Lane Closures Begin on Veterans Memorial Highway in Islip for Resurfacing Work
A stretch of Vets Highway carrying up to 75,000 vehicles a day is now down to one lane each direction on weekdays through mid-May.

The stretch of Veterans Memorial Highway that funnels up to 75,000 vehicles a day through central Islip is now running one lane in each direction on weekdays, as state crews conduct asphalt resurfacing work that is scheduled to continue through approximately May 18.
NYSDOT Region Long Island launched the work zone Monday, April 6, on the segment of State Route 454 between Wheeler Road (State Route 111) and the Long Island Expressway. The restriction: one lane in each direction closed on weekdays from 10 a.m. to 3 p.m. for roughly six weeks, weather permitting, according to the traveler advisory issued April 2 by the New York State Department of Transportation. Stephen Canzoneri of NYSDOT is listed as the project contact. Electronic message signs have been deployed along the corridor, and the agency explicitly reminded drivers to slow down and give space to highway workers inside the zone.
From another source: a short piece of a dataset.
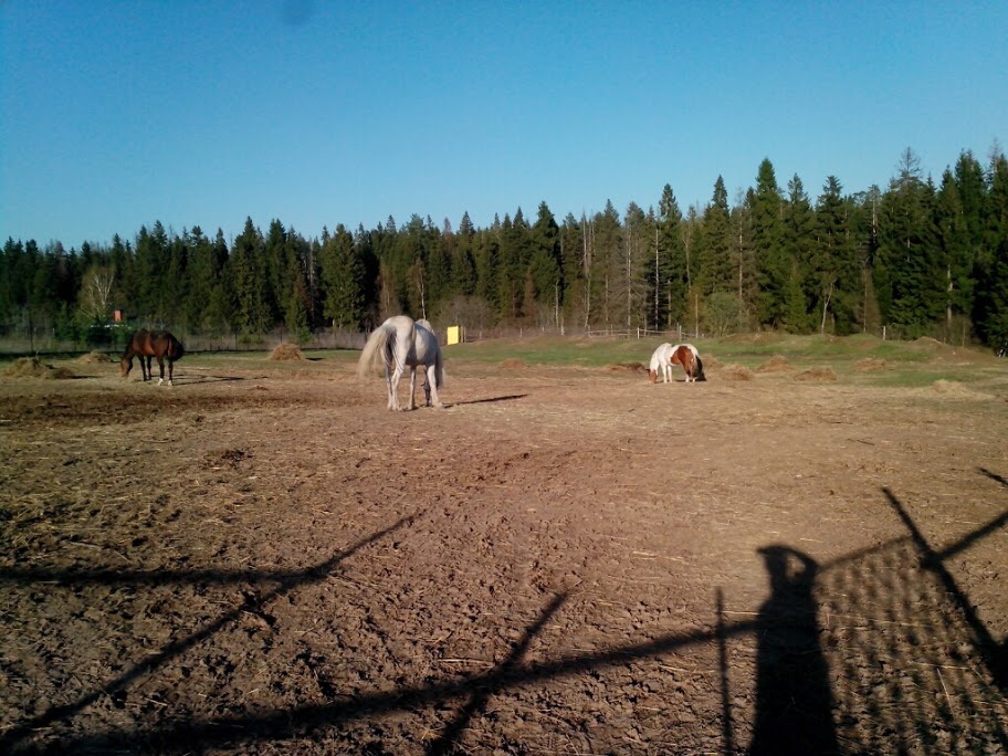 Есть и поля и леса. Летом можно купаться с лошадью в реке Истре (в трех км от конюшни). Узкая и неглубокая, но вполне хороша для тренинга лошади в жару.

The five-hour midday window is designed to sidestep peak commuter traffic, but it lands squarely on delivery drivers, service technicians, tradespeople, and shift workers who cannot flex their schedules. Route 454 carries a notable share of truck freight, and even partial lane restrictions at one of Suffolk County's most congested east-west junctions create compounding pressure at the Wheeler Road approach, where Route 111 alone logs approximately 18,876 vehicles per day. The corridor's AADT ranges from roughly 22,000 vehicles in lighter-load segments to more than 75,000 in the busiest stretches, which makes a six-week midday closure consequential in ways a simple detour sign cannot fully absorb.
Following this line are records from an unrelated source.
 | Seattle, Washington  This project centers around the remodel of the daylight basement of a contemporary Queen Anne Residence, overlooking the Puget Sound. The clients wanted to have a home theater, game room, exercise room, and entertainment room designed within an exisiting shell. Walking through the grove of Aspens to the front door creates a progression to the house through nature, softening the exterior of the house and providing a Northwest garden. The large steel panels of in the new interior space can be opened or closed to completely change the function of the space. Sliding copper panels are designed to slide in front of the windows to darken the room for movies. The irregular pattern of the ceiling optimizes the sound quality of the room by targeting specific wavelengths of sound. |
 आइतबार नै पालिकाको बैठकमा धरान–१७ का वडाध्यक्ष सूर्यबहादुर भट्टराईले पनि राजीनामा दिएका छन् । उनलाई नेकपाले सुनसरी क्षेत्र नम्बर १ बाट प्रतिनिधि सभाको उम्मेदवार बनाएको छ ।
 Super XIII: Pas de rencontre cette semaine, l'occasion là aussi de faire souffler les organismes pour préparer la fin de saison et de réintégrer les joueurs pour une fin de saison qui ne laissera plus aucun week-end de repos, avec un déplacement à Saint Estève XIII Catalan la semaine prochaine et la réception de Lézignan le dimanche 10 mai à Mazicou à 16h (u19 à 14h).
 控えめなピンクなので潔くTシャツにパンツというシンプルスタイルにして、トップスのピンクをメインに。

For the next six weeks, timing is the most practical tool available. The work zone lifts every afternoon at 3 p.m., so drivers with any schedule flexibility should aim to travel the Route 454 corridor before 10 a.m. or after 3 p.m. to bypass the restrictions entirely. Those locked into midday trips between Wheeler Road and the LIE interchange should monitor the electronic message signs before entering the segment and budget additional travel time, particularly near the Route 111 intersection where lane merge queues are likeliest to develop.
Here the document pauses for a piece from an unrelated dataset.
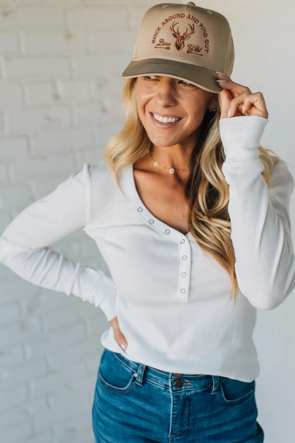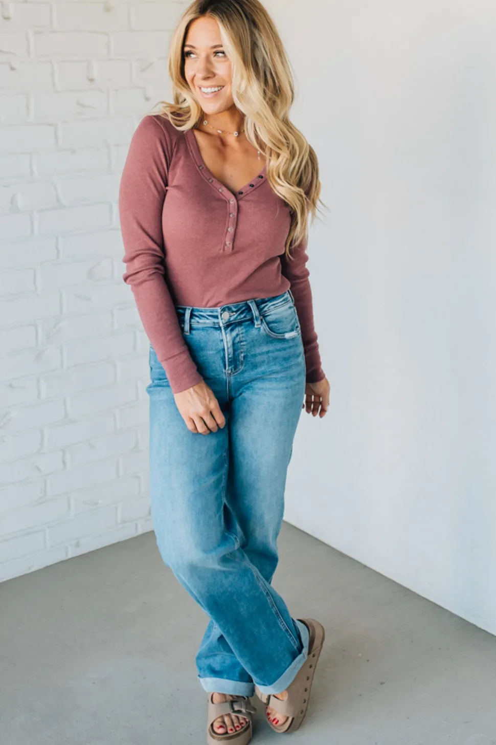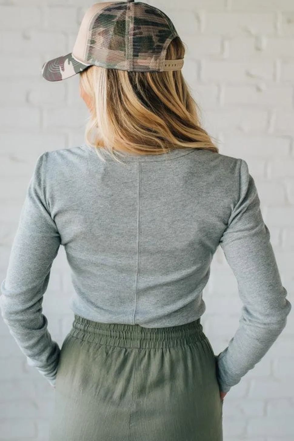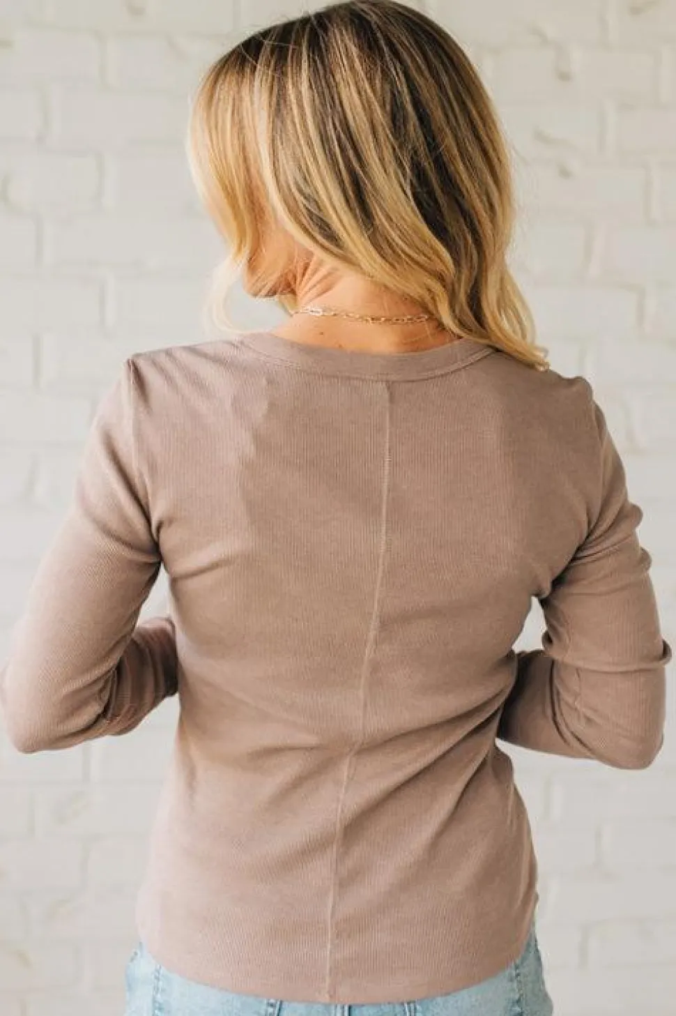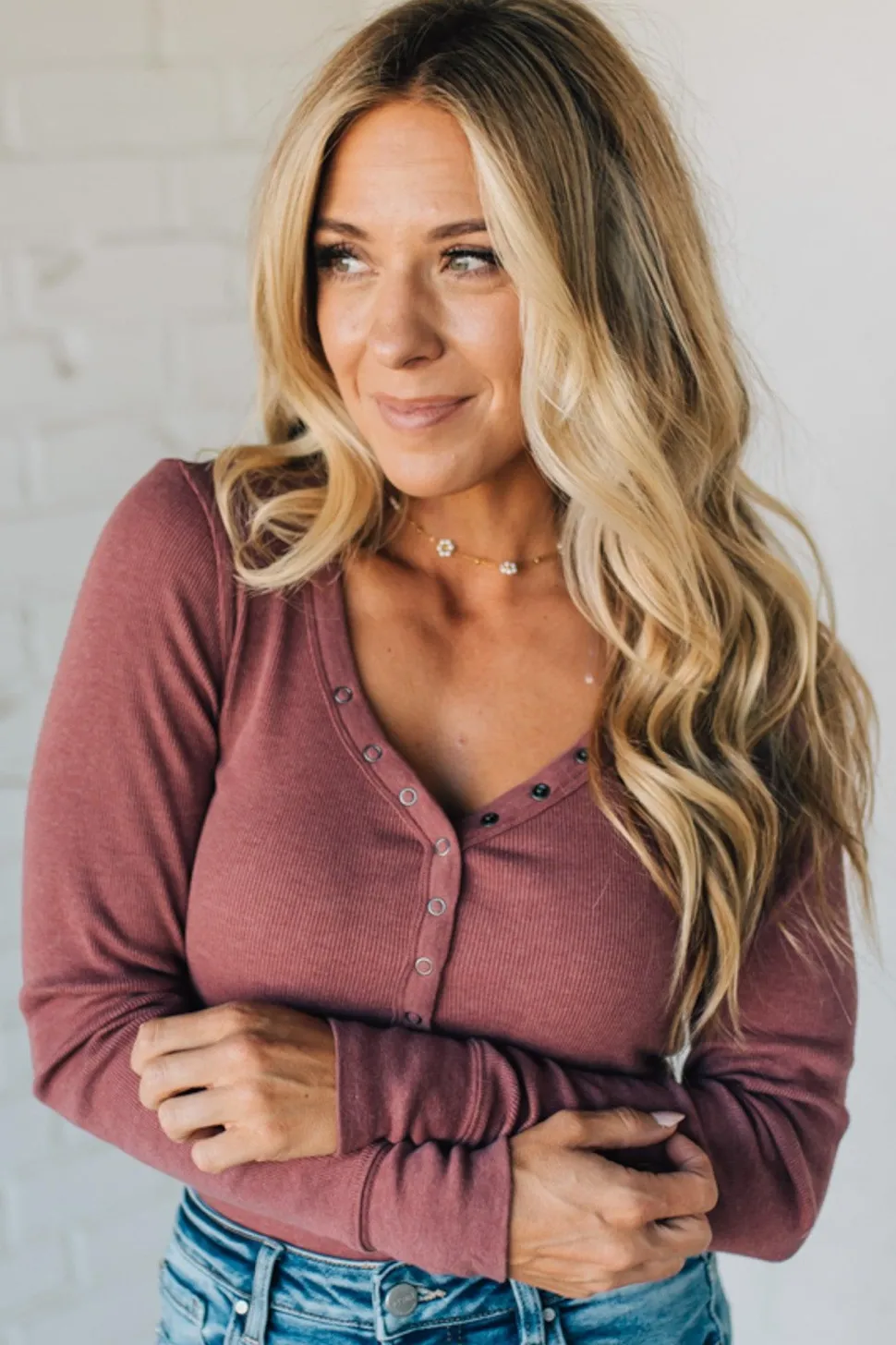 Quiet mornings. Cool afternoons. Long walks, coffee stops, and everything in between. The Ribbed Snap Henley is the kind of piece you forget how often you reach for—until laundry day. Designed with a soft ribbed knit and just the right amount of stretch, this top hugs gently without clinging. The snap-button neckline gives you styling options (leave a few undone for that effortless touch), while the worn-in feel makes it feel like it’s been in your closet forever.

What NYSDOT has not yet publicly laid out: a specific pavement quality standard the finished surface must meet before lanes are restored, a measurable benchmark for how the agency will assess delay reduction once construction wraps, or a formal contingency plan if repeated weather delays push the six-week window past Memorial Day weekend, when LIE volumes surge. Those details matter not just to commuters, but to emergency responders: ambulances serving central Islip's residential neighborhoods and the commercial corridors flanking Route 454 use this segment as a primary throughway, and construction-zone slowdowns between Wheeler Road and the expressway add minutes that do not exist on paper.
The road at the center of this project carries more than traffic. The Suffolk County Department of Public Works designed and built the original expressway in 1949 at a cost of $1.4 million, roughly $18.9 million in 2025 dollars. On April 30, 1949, officials formally agreed to name the 13.67-mile corridor in honor of Suffolk County war veterans, running it east-west from Jericho Turnpike in Commack through central Suffolk to the LIE interchange in the Islip-Hauppauge area. That origin makes the highway more than infrastructure; it is a civic monument that has carried the county's population, now 1.5 million residents across 912 square miles, for more than 75 years.
NYSDOT frames the resurfacing as a routine pavement investment that will extend roadway life and improve ride quality. The agency will post updates to its regional social media channels and official website. The work on Vets Highway is set to continue through mid-May, contingent on the weather that, more than once already this spring, has rearranged schedules across Long Island.